Melbourne Victory’s bid to secure a Westfield W-League semi-final berth may not be resolved until the final round following the team’s 3-1 loss to Queensland Roar at Bob Jane Stadium on Saturday.
Melbourne Victory’s bid to secure a Westfield W-League semi-final berth may not be resolved until the final round following the team’s 3-1 loss to Queensland Roar at Bob Jane Stadium on Saturday.
Roar clinched the Premiership with Saturday’s win and they’re now guaranteed a home semi-final.
Early goals to Courtney Beutel and stand-in skipper Alicia Ferguson gave the title favourites an ideal start to the match contested on a greasy pitch lashed by steady rain and swirling winds.
Victory managed to pull a goal back through Brittany Timko midway through the first half before Tameka Butt’s blast in the 54th minute made the result safe for the Roar.
Beutel got the visitors on the board in the 10th minute with a well-executed lob over Victory keeper, Melissa Barbieri.
Chasing a hopeful through ball which Victory defender Maika Ruyter-Hooley failed to clear, Beutel was able to place the ball perfectly inside the right hand post while under pressure from two defenders.
Timko squandered an opportunity to reply for the hosts within a minute when she overran a ball crossed low and hard into her path with only keeper Casey Dumont to beat.
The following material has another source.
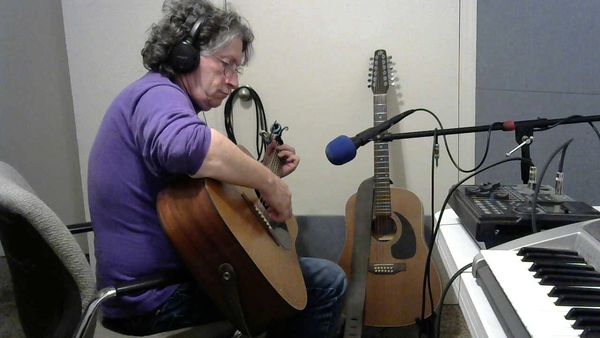 Dave records guitar tracks for Right Here in his home studio, 2017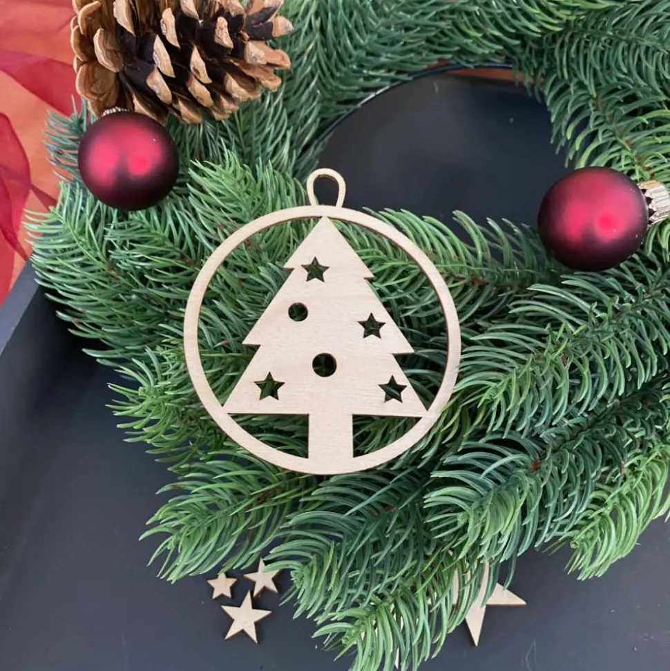 Entdecke den einzigartigen Geschenkanhänger aus Holz in Christbaumkugelform! Mit detailreichen Ausschnitten von Weihnachtsbaum, Kugeln und Sternen ist dieser Anhänger ein besonderer Blickfang für deine Weihnachtsgeschenke oder als Christbaumanhänger.

It was the Queenslanders who were creating the better chances however, and they should have gone two-up when Lana Harch from deep on the right picked out Beutel just five metres out unmarked and with the goal at her mercy.
The ball bounced awkwardly for Beutel who tried to guide it into the net with her thigh but only succeeded in pushing it just wide of the left-hand post.
After missing from point blank, Roar doubled their lead with an unlikely effort from all of 35 metres – a blasted free kick from Ferguson that somehow managed to make it through a sea of bodies towards Barbieri.
The keeper seemed to have the waist-high shot covered but fumbled and the ball toppled in slow motion over the line.
The hosts were back in the contest four minutes later when the lively Timko intercepted a back pass, rounded the keeper and finished coolly from a tight angle, but they had Barbieri to thank for keeping them in it when she twice denied Harch in the lead-up to half-time.
Victory needed to make things happen in the second half, but the win they were chasing was put beyond reach by Butt’s blast nine minutes into the second half.
Collecting a chip from Harch at the top of the box, Butt turned her marker, Daniela Digiammarco, and curled the ball into the top corner of the net beyond a diving Barbieri to make it 3-1.
Thereafter, the Roar were content to control the tempo and keep it tight.
Victory coach Matt Shepherd was unhappy with various aspects of his team’s defending, but refused to hold Barbieri responsible for the Roar’s crucial second goal.
“I think it was more a case of a good shot on goal and she couldn’t quite get behind it and I think it might have moved through the air,” Shepherd said.
“‘Barbs’ has been the backbone of our team this year really at the back and organised and made great saves, made three penalty saves, so there’s no complaints at all – she’s been great.”
Melbourne went into Round 8 in second place on the Westfield W-League table on 12 points – six behind Queensland but only one point clear of third-placed Sydney and two ahead of Newcastle.
Canberra and Central Coast were sitting just outside the top four on nine points apiece.
Shepherd believes his players have the resilience to bounce back in Canberra next week and away to Central Coast in the last round, and said they appreciate they have their finals fate in their own hands.
He said the Victory will need a tactical rethink, however, after letting themselves down on Saturday.
“We didn’t really get a lot of crosses in, so we couldn’t really test the keeper out as much as we would have liked,” Shepherd said.
“Last week (against Newcastle) we actually got close to 20 crosses in over the course of the game and today I think we were probably in single digits so, just not enough production.”